Всякий раз, когда мы находили новые палатки, в моих ногах появлялись силы. Может это наш лагерь? Нет, опять не он. Моя психика совершала очередной провал. Я часто останавливался, заваливался на бок и вглядывался во мрак. Все мотивировки улетучивались, когда я начинал сомневаться, что мы когда-нибудь найдем палатки — заставить себя подняться и идти было невозможно.
Ал, который был в лучшем состоянии, ждал меня, предаваясь любимому занятию — просматривал мусор на старых стоянках.
— Смотри, похоже, здесь были японцы, — бормотал он, показывая мне сделанный из фольги пакетик соуса для макарон.
Я пробурчал односложный ответ, но моё внимание было рассеянным. Высотный «таракан» в моей голове зашуршал снова. Что за проблема с поиском лагеря 5? Кто этим занимался? Зачем идти через все эти мучения? Тут полно палаток — занимай и спи в любой.
Видимость улучшилась, приоткрыв ледник под нами. Открылась Чангцзе, а под ней Северное седло.
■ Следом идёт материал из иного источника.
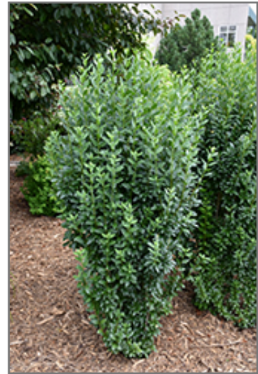
Straight Talk Privet
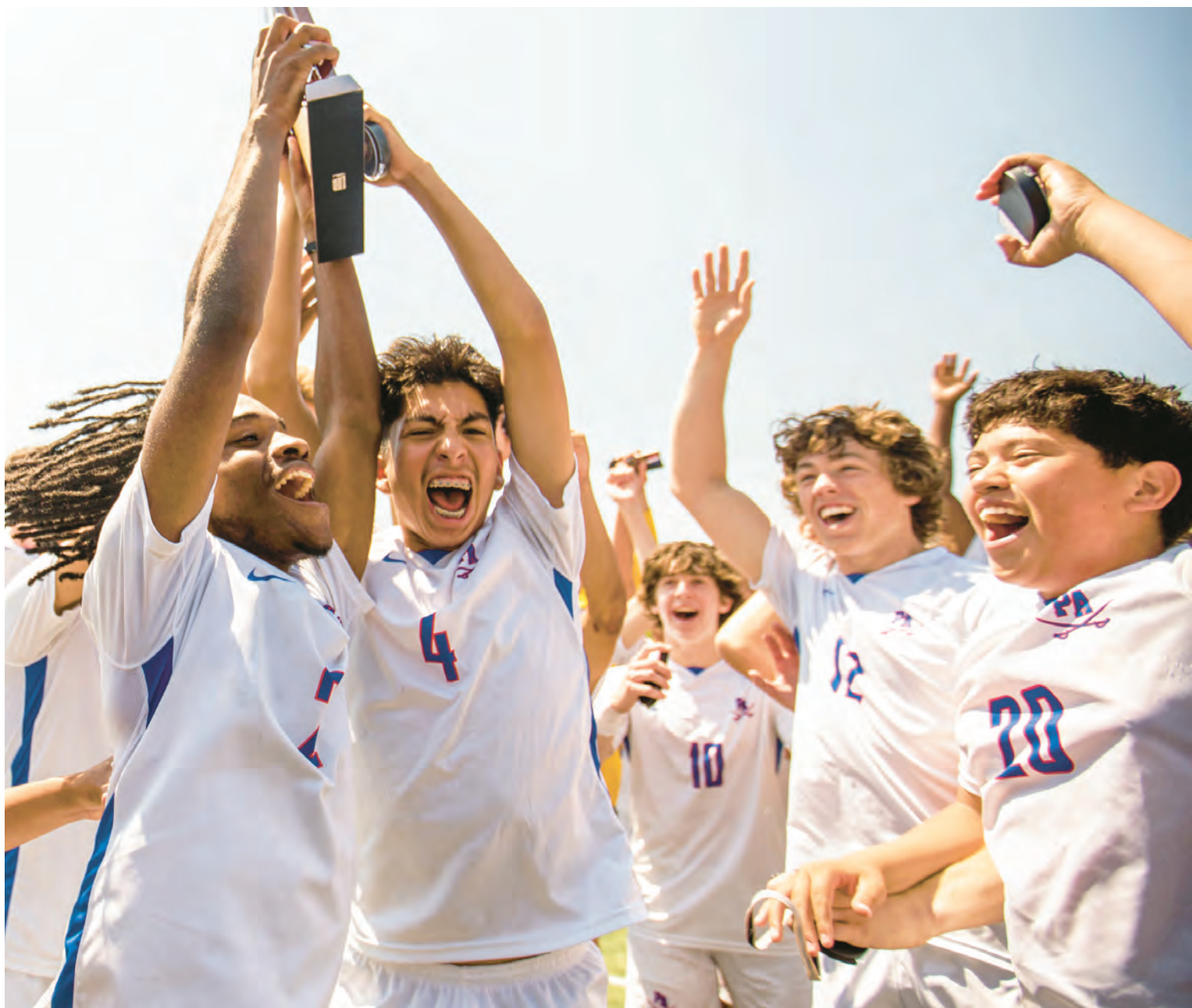
Princess Anne celebrates with the trophy after defeating Cox 3-1 Saturday to take the Class 5 state championship title at Riverside High School in Leesburg.
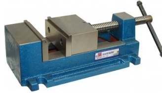
V141 Safeway Precision Drill Press Vice
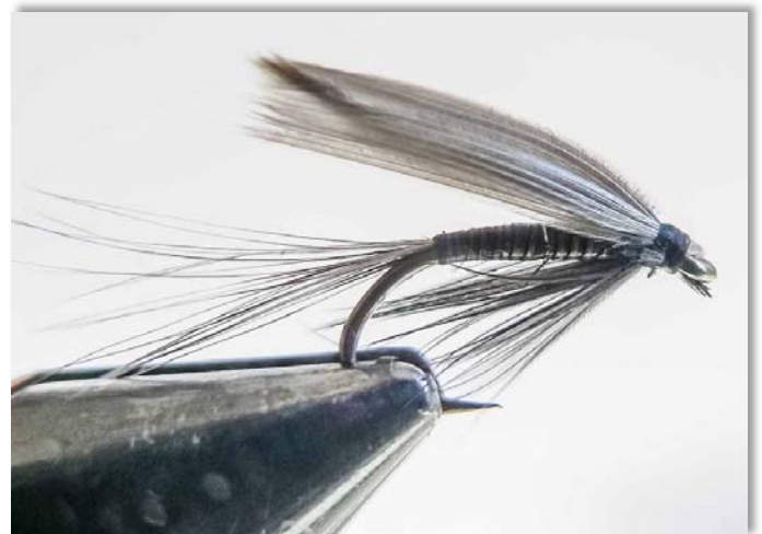
Step 4 Using slips of duck quill to create the wings tie in with them sloping backwards. Trim off, and whip finish
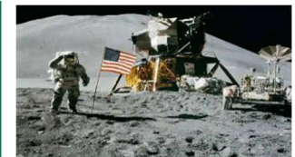
The first moon landing July 20 th 1969
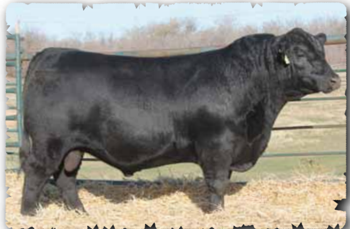
PEAK DOT PIONEER 2166D - LOT 114

>Recommended for heifers >Tremendous eye appeal from a great cow family. > Weaning ratio of 109.
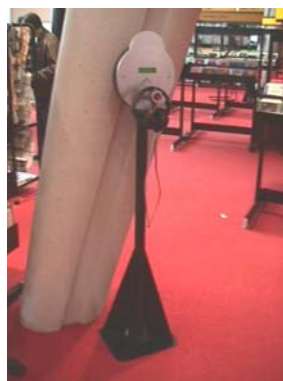
Cloverleaf Silver Stand
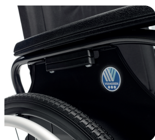
Armrests adjustable in height and depth to suit specific need
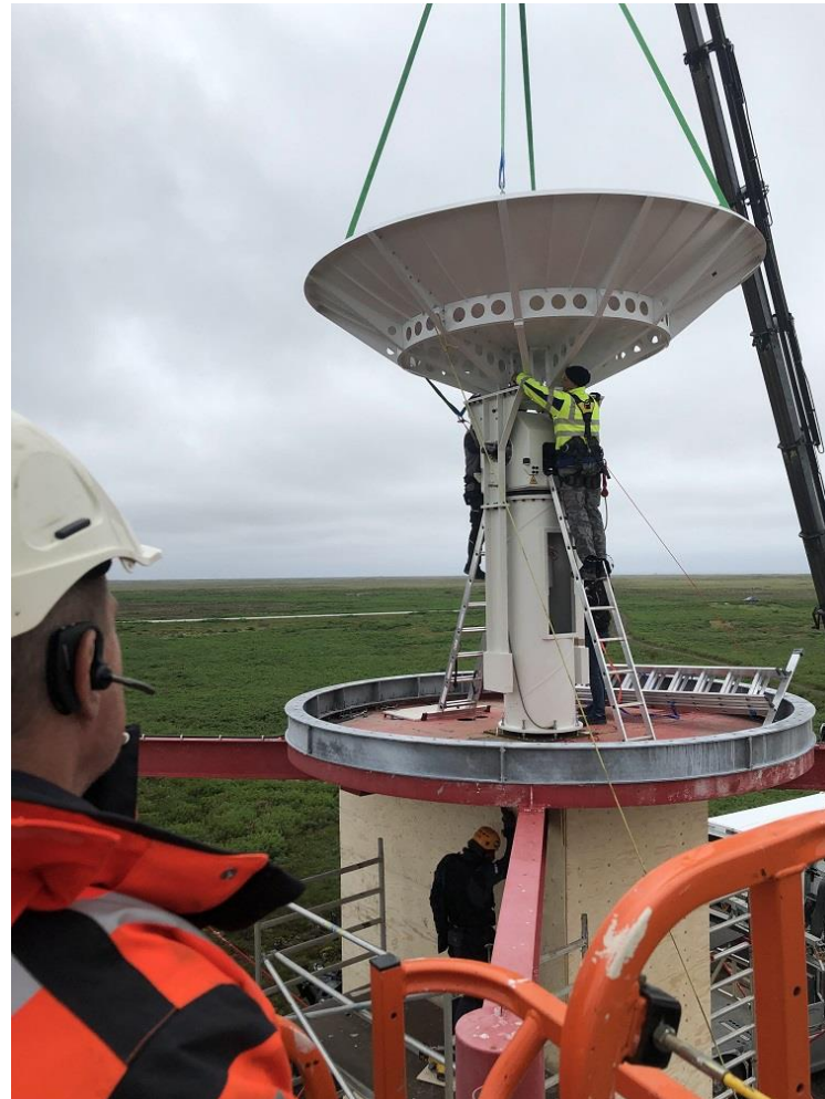
2021 Leonardo Meteor 735CDP10 Radar
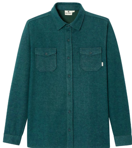
SUR05 Dark green
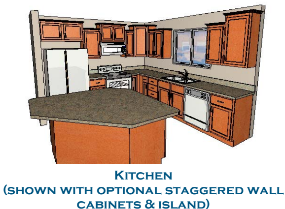
KITCHEN (SHOWN WITH OPTIONAL STAGGERED WALL CABINETS & ISLAND)
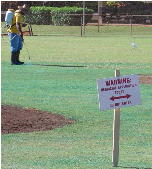
The Pesticides Branch helps to ensure that regulated pesticides are used properly, whether it be for agricultural, residential or commercial purposes.

pesticide program received an application for registering diphacinone pellets applied by aircraft. The application was for a special local need registration pursuant to Section 24(c) of the Federal Insecticide, Fungicide and Rodenticide Act. A considerable amount of data was supplied in support of this application.
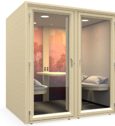
Custom Graphic GRA
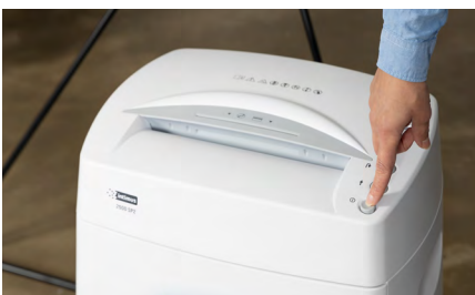
Automatic start/stop function and anti-paper jam technology.
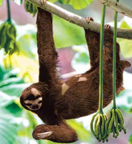
Observe curious creatures like the three-toed sloth in their exotic, untamed natural habitat.

including toucans and saddleback tamarin monkeys, and marvel at giant Victoria amazonica water lilies.
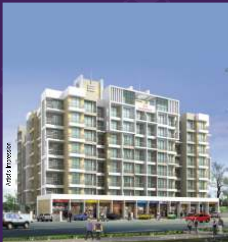
SAI HARMONY ULWE
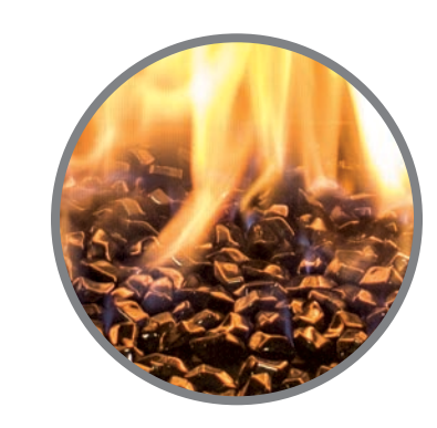
GLASS BURNER WITH DIAMOND GLASS Available for the E20, E30, E33, & Q1
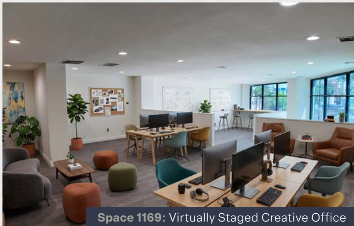
Space 1169: Virtually Staged Creative Office
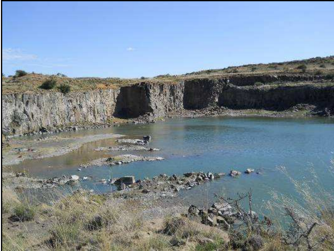
Figure 6.3 Dolerite sill at the Quarry Site (S31.37452 E25.01846)

The ridges and higher topography of the study area consist of dolerite sills and dykes with some prominent outcrops. The quarry site is also situated in one of these sills (Figure 6.3)
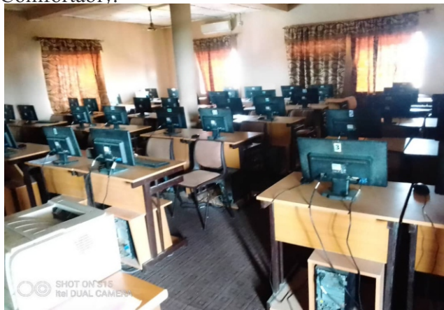
The Computer Laboratory
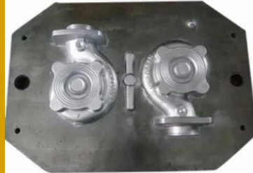
Aluminium Pump Casting Pattern
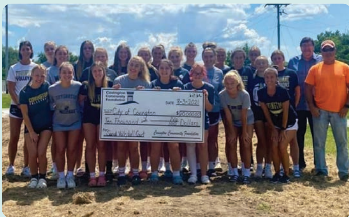
City of Covington - $10,000 for a new sand volleyball court at the city park

Я смог различить только маленькие пятна нашего лагеря, где сегодня отдыхала команда Б.
Когда мы преодолели очередной маленький подъём, то обнаружили три палатки. Ничего не подозревая, мы отдыхали минут десять — пятнадцать всего в нескольких метрах от них. На шум высунулась голова Мингмы.
— Сюда!
Мы сели перед палаткой шерпов и стали пить горячий чай из термосов. Последние два дня шерпы ждали нас и вздохнули с облегчением, когда мы подошли. Они спали с кислородом, который помогал им, но, тем не менее, хотели бы быстрее покинуть лагерь 5.
— Байи пошёл вниз? — Лакра назвал Брайана по-шерпски.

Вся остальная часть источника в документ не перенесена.